== EXERCISE BRIEF ==
Reproduce the full listing below unchanged, apart from the pictures.

== COLLECTED DATA ==
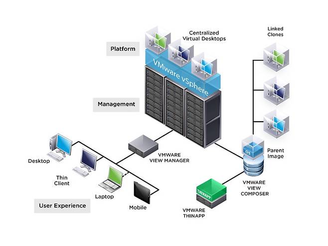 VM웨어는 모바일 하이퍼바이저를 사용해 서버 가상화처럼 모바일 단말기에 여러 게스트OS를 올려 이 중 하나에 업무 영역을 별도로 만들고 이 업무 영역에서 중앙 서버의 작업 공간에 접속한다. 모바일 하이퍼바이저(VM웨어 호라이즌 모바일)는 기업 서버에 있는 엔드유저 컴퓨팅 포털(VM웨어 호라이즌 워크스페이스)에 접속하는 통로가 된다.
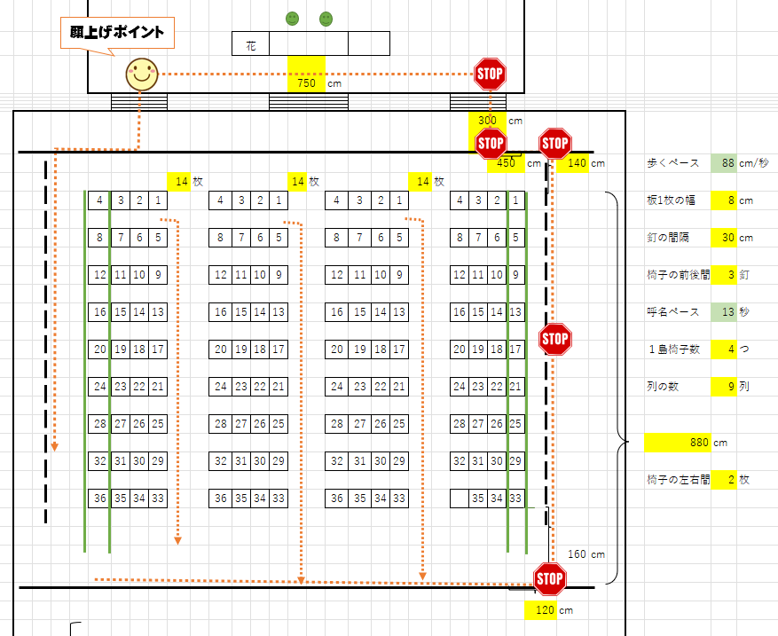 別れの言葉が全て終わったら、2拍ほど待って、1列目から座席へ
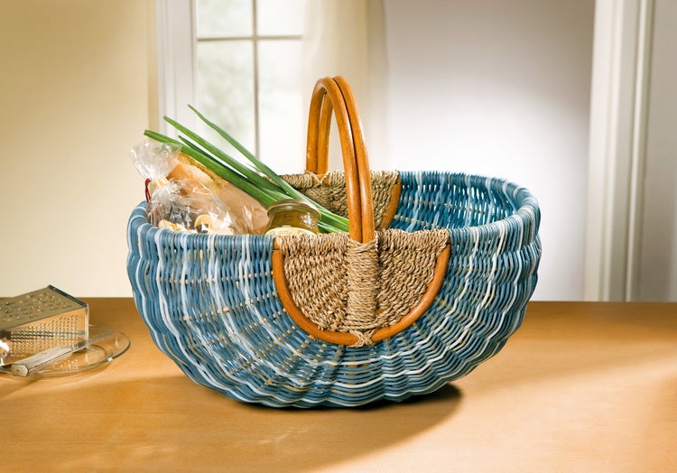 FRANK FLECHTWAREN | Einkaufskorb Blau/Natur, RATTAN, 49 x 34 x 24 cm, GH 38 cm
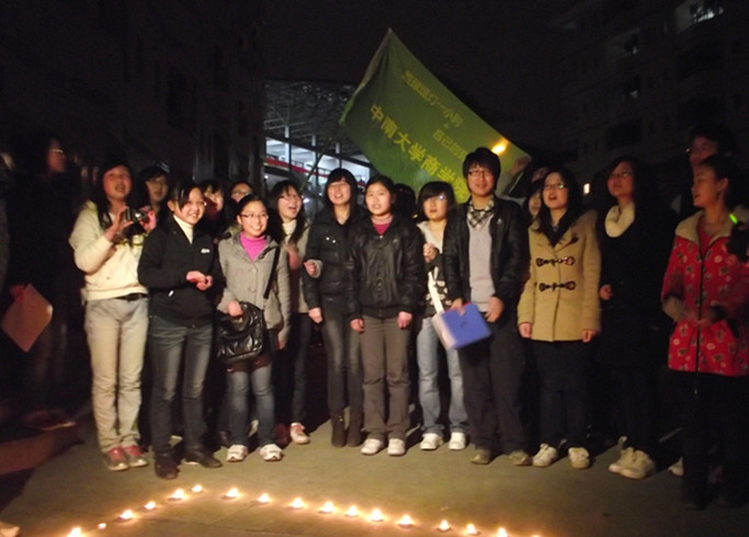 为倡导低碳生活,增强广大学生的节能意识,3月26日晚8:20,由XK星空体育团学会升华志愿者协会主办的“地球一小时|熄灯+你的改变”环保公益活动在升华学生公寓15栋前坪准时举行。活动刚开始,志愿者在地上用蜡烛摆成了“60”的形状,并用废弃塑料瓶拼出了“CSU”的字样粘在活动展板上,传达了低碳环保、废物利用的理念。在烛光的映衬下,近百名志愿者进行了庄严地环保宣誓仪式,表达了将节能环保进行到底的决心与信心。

== ANSWER TO THE EXERCISE ==
 VM웨어는 모바일 하이퍼바이저를 사용해 서버 가상화처럼 모바일 단말기에 여러 게스트OS를 올려 이 중 하나에 업무 영역을 별도로 만들고 이 업무 영역에서 중앙 서버의 작업 공간에 접속한다. 모바일 하이퍼바이저(VM웨어 호라이즌 모바일)는 기업 서버에 있는 엔드유저 컴퓨팅 포털(VM웨어 호라이즌 워크스페이스)에 접속하는 통로가 된다.
 別れの言葉が全て終わったら、2拍ほど待って、1列目から座席へ
 FRANK FLECHTWAREN | Einkaufskorb Blau/Natur, RATTAN, 49 x 34 x 24 cm, GH 38 cm
 为倡导低碳生活,增强广大学生的节能意识,3月26日晚8:20,由XK星空体育团学会升华志愿者协会主办的“地球一小时|熄灯+你的改变”环保公益活动在升华学生公寓15栋前坪准时举行。活动刚开始,志愿者在地上用蜡烛摆成了“60”的形状,并用废弃塑料瓶拼出了“CSU”的字样粘在活动展板上,传达了低碳环保、废物利用的理念。在烛光的映衬下,近百名志愿者进行了庄严地环保宣誓仪式,表达了将节能环保进行到底的决心与信心。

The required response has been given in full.